AKPINAR: "SORUMLULUKTAN KAÇMAM"
Yaşanan bu gelişme sonrası bir açıklama yapan Akpınar, olay karşısındaki duygularını açık yüreklilikle paylaştı. "Böyle bir olayın parçası olmayı arzu etmezdim, fakat üzerime düşeni yapacağım," diyerek kamuoyuna sorumluluğunu alacağını ifade etti.
TOPLUMSAL MESELELERE DOKUNAN SÖZLERİYLE METİN AKPINAR
Sanat yaşamı boyunca yalnızca sahnede değil, fikirleriyle de dikkat çeken Metin Akpınar’ın bazı öne çıkan sözleri:
"İstifa, bir kaçış değil, efendiliktir."
"43 milyon aç var, çare arayan yok."
"Bükemediğin bileği öpeceksin."
"Bir düşünce, bir kültür ihtilali lazım."
"Sanat, sadece sahne değil, bir yaşam biçimidir."
"Çocuklarınıza 'iyiler kazanır' demeyin."
"İstanbul'u özlüyorum."
"Sahneye adanmış bir ömür."
"Demokrasiye ulaşamazsak, faşizmin sonu kötü olur."
DİZİLERDE VE TELEVİZYON PROGRAMLARINDAKİ YOLCULUĞU
Metin Akpınar, tiyatro sahnelerinin yanı sıra televizyon dizilerinde ve eğlence programlarında da geniş kitlelere ulaştı. "Güler Misin Ağlar Mısın" (1988), "Biz Bize Benzeriz" (1992), "Papatyam" (2009–2011) ve "Aşk Laftan Anlamaz" (2016) gibi yapımlarda yer aldı. Ayrıca "Bir Başka Gece" ve "Güldür Bakalım" gibi programlarla ekranların vazgeçilmez yüzü oldu.
SAHNENİN VE SİNEMANIN EFSANESİ
Akpınar, 1970’lerden itibaren Türk sinemasında hafızalara kazınan birçok filmde başrol oynadı. "Salak Milyoner", "Köyden İndim Şehire", "Mavi Boncuk" ve "Propaganda" gibi yapımlarda unutulmaz performanslar sergiledi. Aynı zamanda tiyatro sahnelerinde de "Gözlerimi Kaparım Vazifemi Yaparım", "Yasaklar" ve "Keşanlı Ali Destanı" gibi oyunlarla izleyiciyle buluştu.

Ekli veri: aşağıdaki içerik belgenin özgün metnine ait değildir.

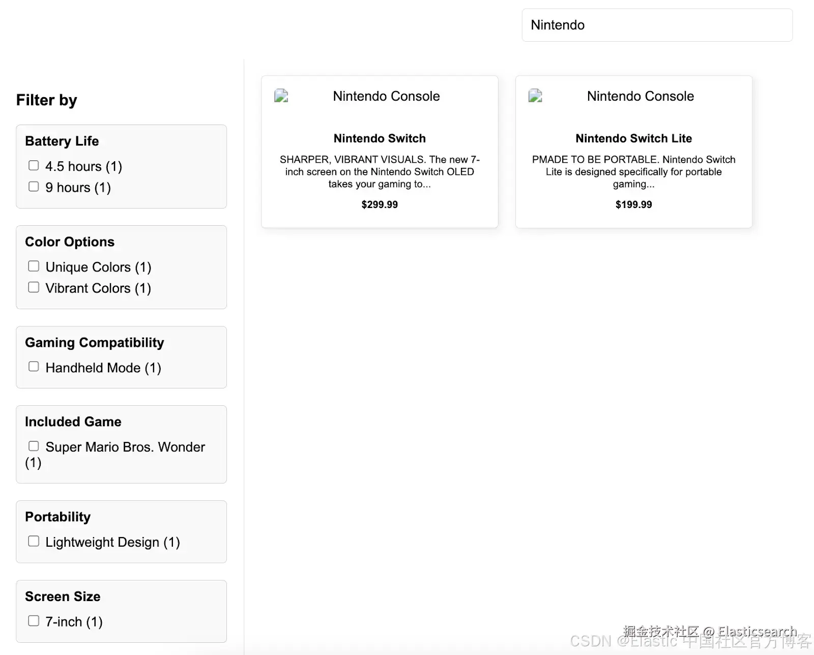 在上一步中,我们将 brand 和 storage_capacity 字段设置为 keyword 类型,使它们可以直接用于 aggregations(聚合,也就是 facets)。

ÖDÜLLERLE TAÇLANAN SANAT YOLCULUĞU
Metin Akpınar, sanata verdiği emekle birçok ödülün sahibi oldu. 1998’de Devlet Sanatçısı unvanı ile onurlandırıldı. 2000 yılında "Abuzer Kadayıf" filmindeki performansıyla En İyi Erkek Oyuncu ödülünü aldı. 2010’da Altın Portakal Onur Ödülü ve 2011’de İstanbul Film Festivali Sinema Onur Ödülü gibi önemli ödüllerle kariyerini taçlandırdı.
TÜRKİYE’NİN KÜLTÜR HAFIZASINDA YER EDİNDİ
Metin Akpınar, yalnızca oyunculuğuyla değil, aynı zamanda düşünce dünyasına kattıklarıyla da Türkiye’nin kültürel hafızasında derin bir iz bıraktı. Sahneye adanmış bir ömür, duruşuyla örnek olmuş bir sanatçı profili çizdi.